Speaker
Description
Joint Institute for Nuclear Research has several large computing facilities: Tier1 and Tier2 grid clusters, Govorun supercomputer, cloud, and LHEP computing cluster. Each of them has different access protocols, authentication and authorization procedures, data access methods. With the help of the DIRAC Interware, we were able to integrate all these resources to provide a uniform access to all these facilities. Right now, it is possible to perform basic workflows on all resources. The main use-cases covered by the DIRAC service in JINR: centralized Monte-Carlo simulation for the MPD experiment, Monte-Carlo for the Baikal-GVD neutrino telescope, as well as running jobs for the Folding@HOME project.
During the pre-production stage, it is important to estimate the characteristics of user jobs. That information is crucial for planning of the execution process on different resources. An approach was elaborated to collect data about RAM, CPU, and network consumption by each user job. This helps to tune the mass production algorithms before the production actually starts.

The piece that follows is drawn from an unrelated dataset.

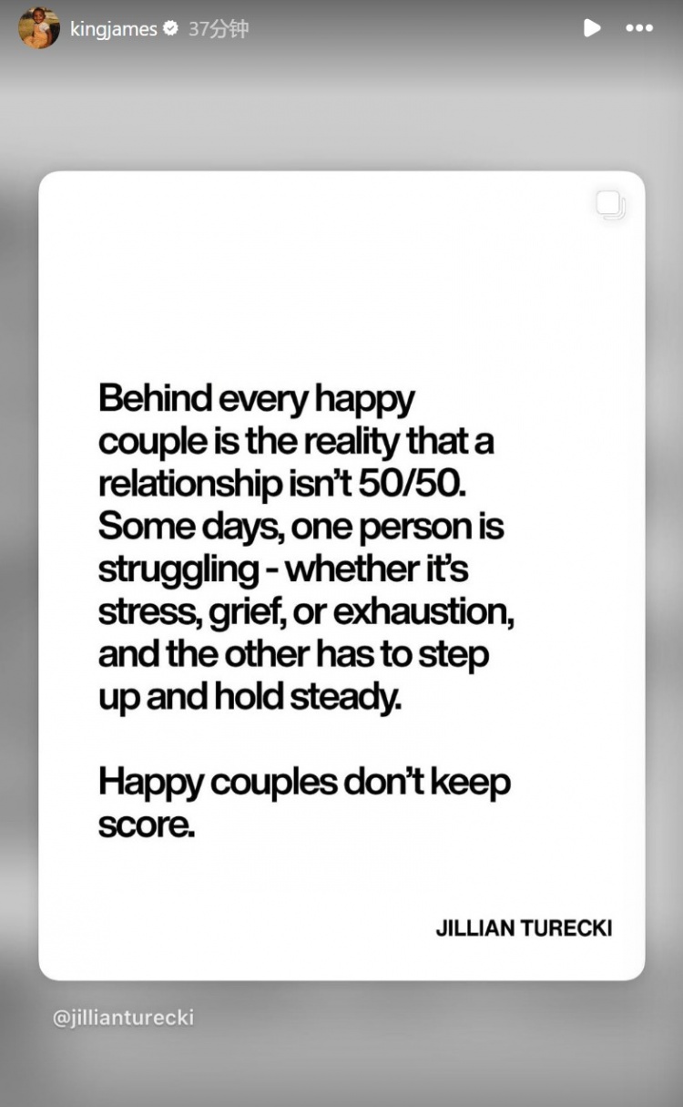 在比赛开始20分钟前,詹姆斯在INS转发了以下文字:“在每一对幸福的伴侣背后,都隐藏着一个事实,关系中的付出并非总是五五开。有时候,一方会因为压力、悲伤或疲惫而感到挣扎,这时另一方就需要挺身而出,给予支持和稳定。幸福的伴侣不会斤斤计较。”

Since the system processes tens of thousands of similar jobs during one particular production, it appeared to be possible to collect from DIRAC data about these jobs and perform analysis of their execution parameters. We collect data related to the CPU model, wall-time, CPU benchmark DB12, hostname, username, and resource name. An approach was elaborated to extract meta-data about job execution and visualize it. With this visualization, it became possible to compare different computing resources, study the CPU and worker node performance. This approach does not require submitting special jobs, so the resources are not wasted for this analysis.

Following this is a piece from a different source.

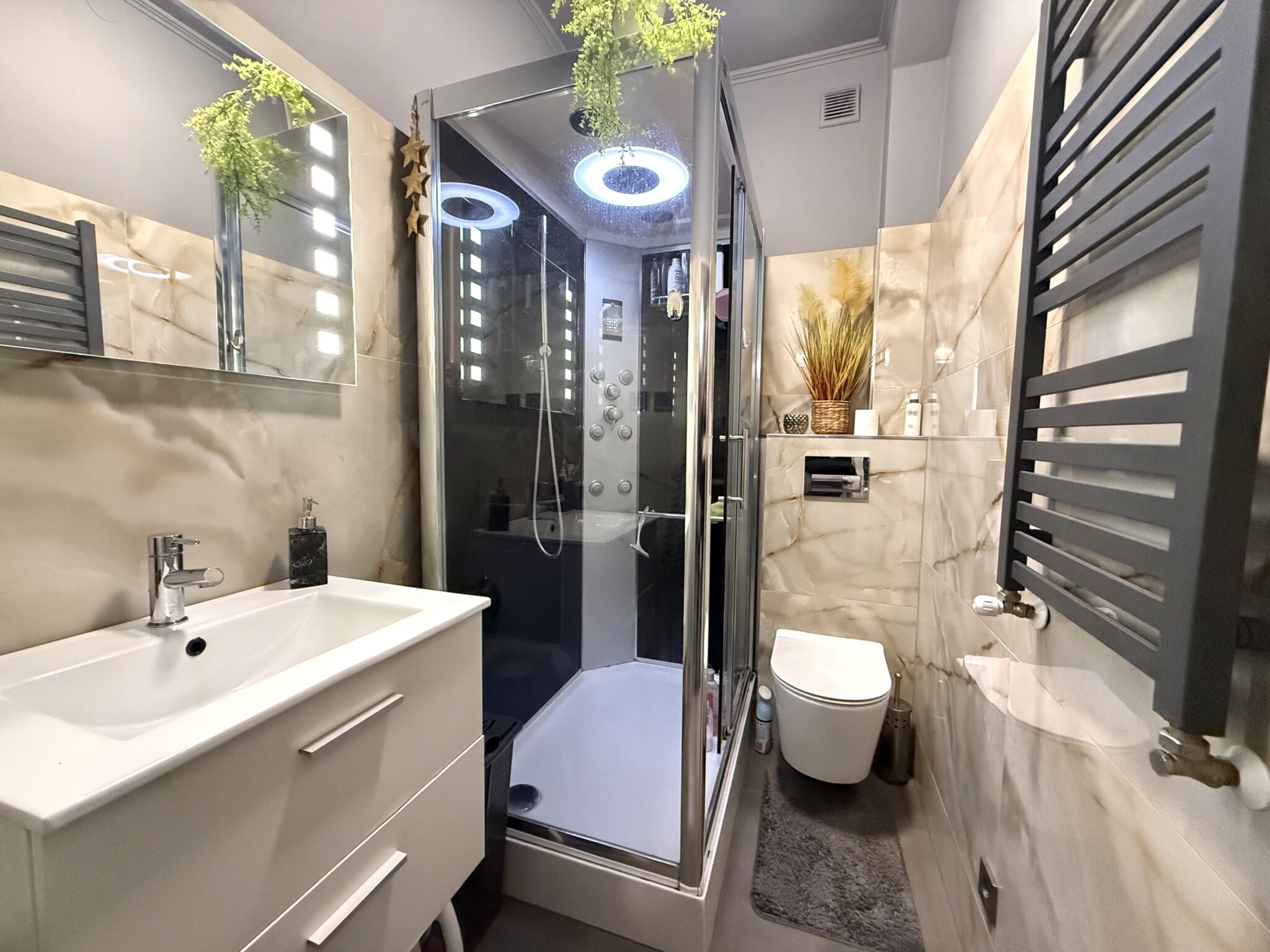 Łazienka funkcjonalnie zaaranżowana, wyposażona w kabinę prysznicową.

In this contribution, a detailed explanation of the used techniques and methods will be presented. Results of the performed analysis of the computing facilities at JINR will be discussed.
References
https://indico.jinr.ru/event/1469/contributions/9985/
https://indico.jinr.ru/event/1086/contributions/13121/
https://indico.jinr.ru/event/1119/contributions/10558/
Significance
We propose a new approach in estimating the performance of heterogeneous resources on real workload. That allows performing "passive" estimations with real user workload and not only artificial benchmarks. That is probably the most interesting and unique result of this talk. But, it is just one side. From another side, we propose approaches to study not only resources but workload itself. It is the second result. All this became possible with the use of DIRAC as a service not only by one particular experiment but several of them.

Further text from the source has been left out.